健康福祉研究部会【課題B】テーマ別シンポジウム/認知機能改善のための身体活動の在り方

2021年9月8日(水) 10:45 〜 12:25 会場6 (Zoom)

コーディネーター:樋口 貴広(東京都立大学)、根本 みゆき(筑波大学附属病院)

11:18 〜 11:51

[健康福祉-SB-2] 運動と認知

子どもの運動発達の立場から

*森 司朗1 (1. 鹿屋体育大学)

<演者略歴>
東京学芸大学大学院修士課程教育学研究科保健体育専攻修了、鹿屋体育大学体育学部助手、東京学芸大学教育学部講師、同大学教育学部助教授、鹿屋体育大学助教授体育学部、同大学教授を歴任、現在、同大学理事・副学長、博士(医学)。
 乳幼児期から児童期にかけて、子どもたちはそれまでに「できなかった」動きが「できる」ようになっていく重要な時期であり、人間の脳と身体機能のメカニズムが形成され、運動をコントロールする能力が急激に発達していく。
 乳幼児から児童期への運動コントロール能力の発達は、目的性や方向性をもった自己の意志によってできるようになり、移動運動や操作運動などの基礎的運動パターンが獲得され、児童期にかけて修練・向上していくと同時に、環境の変化に応じた柔軟な動作ができるようになっていく。
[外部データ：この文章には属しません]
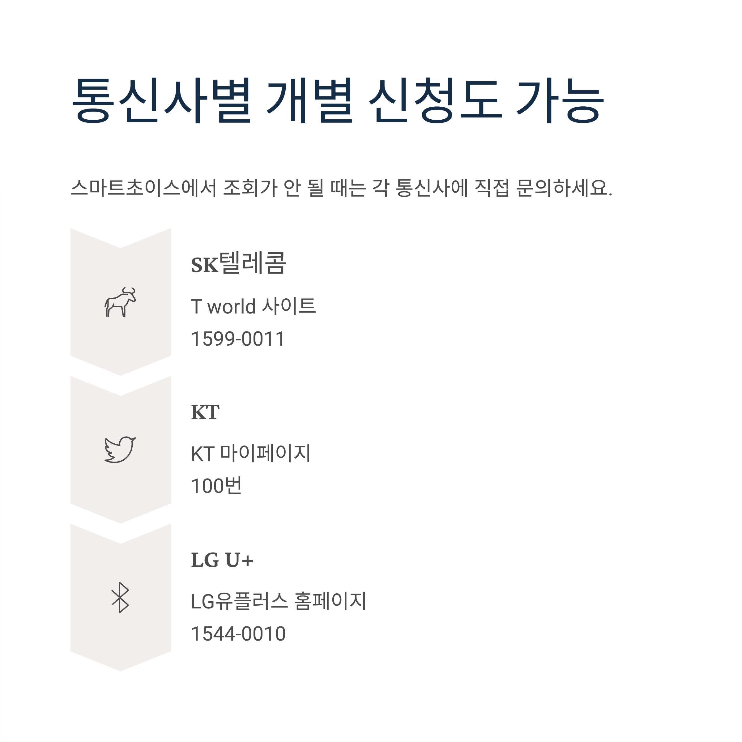 스마트초이스에서 조회되지 않는 경우 각 통신사에 직접 문의할 수 있습니다.

また、この運動コントロールの発達は情報処理システムの観点からとらえると感覚器官の鋭敏さや反応時間のような情報処理を支える構造的性能に相当するハードウエアと入力された情報の処理をするプログラムに相当するソフトウエアの2つから構成されており(工藤、2011)、乳幼児期から児童期にかけてハードウエアの関与が徐々に減少し、ソフトウエアの関与が増えていく。この変化は、学習方略や状況判断能力につながる運動記憶の発達やメタ認知の発達との関連が考えられ、この点を踏まえた最適な運動経験を引き出す環境を子どもたちに提供することが重要である。